- Developer: High Risk Ventures
- Publisher: Changeling Software
- Designer: Sean D. Ansorge
- Platform: Macintosh
- Release: August 1994
- Genre: Shoot 'em up
- Mode: Single-player

= PegLeg (video game) =

1994 video game

PegLeg is a shoot 'em up video game developed by High Risk Ventures and published by Changeling Software for the Macintosh.

==Gameplay==
PegLeg is an arcade-style shoot 'em up game. The player controls a spaceship with a blaster that is used to destroy asteroids, projectiles, and enemies approaching the ship. Featuring a top-down view, similar to the game Asteroids, the player can move freely within the world. There are several blasters that can be used, which are earned by collecting randomly spawned power-ups in each level.
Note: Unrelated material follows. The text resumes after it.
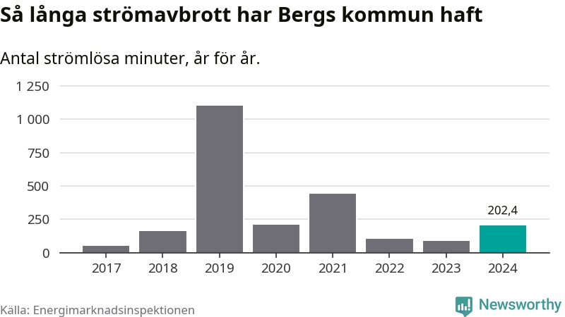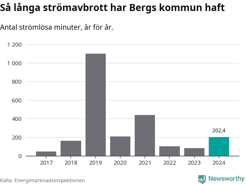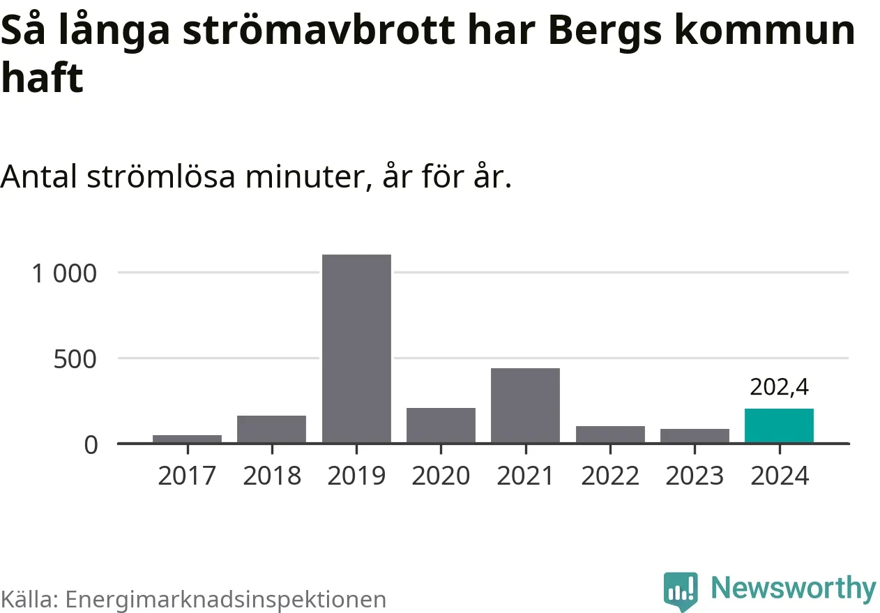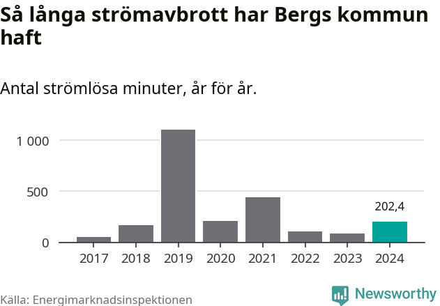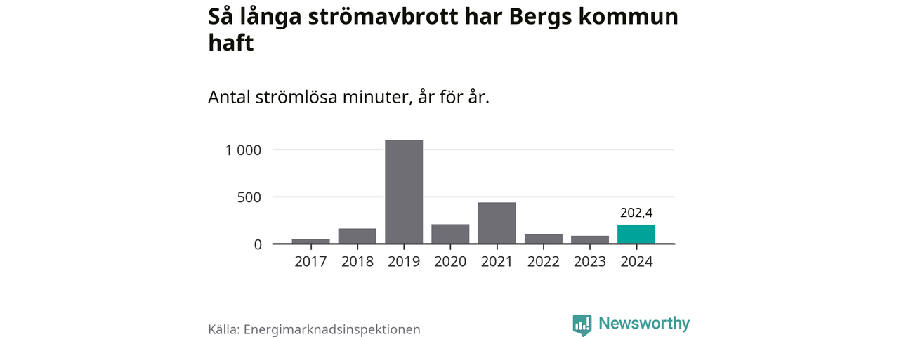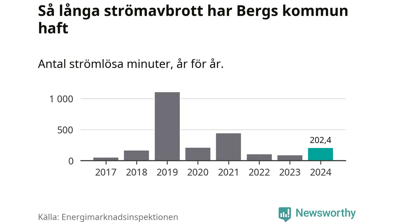 Antalet strömavbrott och total strömlös tid varierar från år till år i Bergs kommun. Mest tid utan ström (i alla fall under perioden 2017–2024) fick Bergsborna genomleva under 2019 – 18 timmar och 21 minuter. Det är 15 timmar och 18 minuter längre än under ett normalår.

Points are earned for each object destroyed, and a bonus is earned based on how fast a player completes a level.

==Development==
PegLeg was written by Sean D. Ansorge, who previously wrote the Macintosh shareware game Hemiroids. This Asteroids clone was nominated in 1993 by MacUser as the best shareware entertainment product of that year. While working on it, Ansorge described PegLeg as "one heck of a lot more fun" than his earlier effort. The developer, High Risk Ventures, had released another Asteroids-inspired game, Space Madness, as its first commercial project in 1993 as well. PegLeg was released for Mac computers in August 1994. A sequel was released in 1996.

==Reception==

Next Generations reviewer stated, "If you've got work to do, better stay away from this game." MacAddict named PegLeg one of the Macintosh's essential titles, and the magazine's Kathy Tafel wrote, "If you ever happen to visit us here at MacAddict, take a look at our receptionist's Mac. Chances are, you'll find it running PegLeg". Writing in The Macintosh Bible, Bart Farkas praised the game and said that it "will have you playing for hours—and will inflict serious damage on your trigger finger if you're not careful."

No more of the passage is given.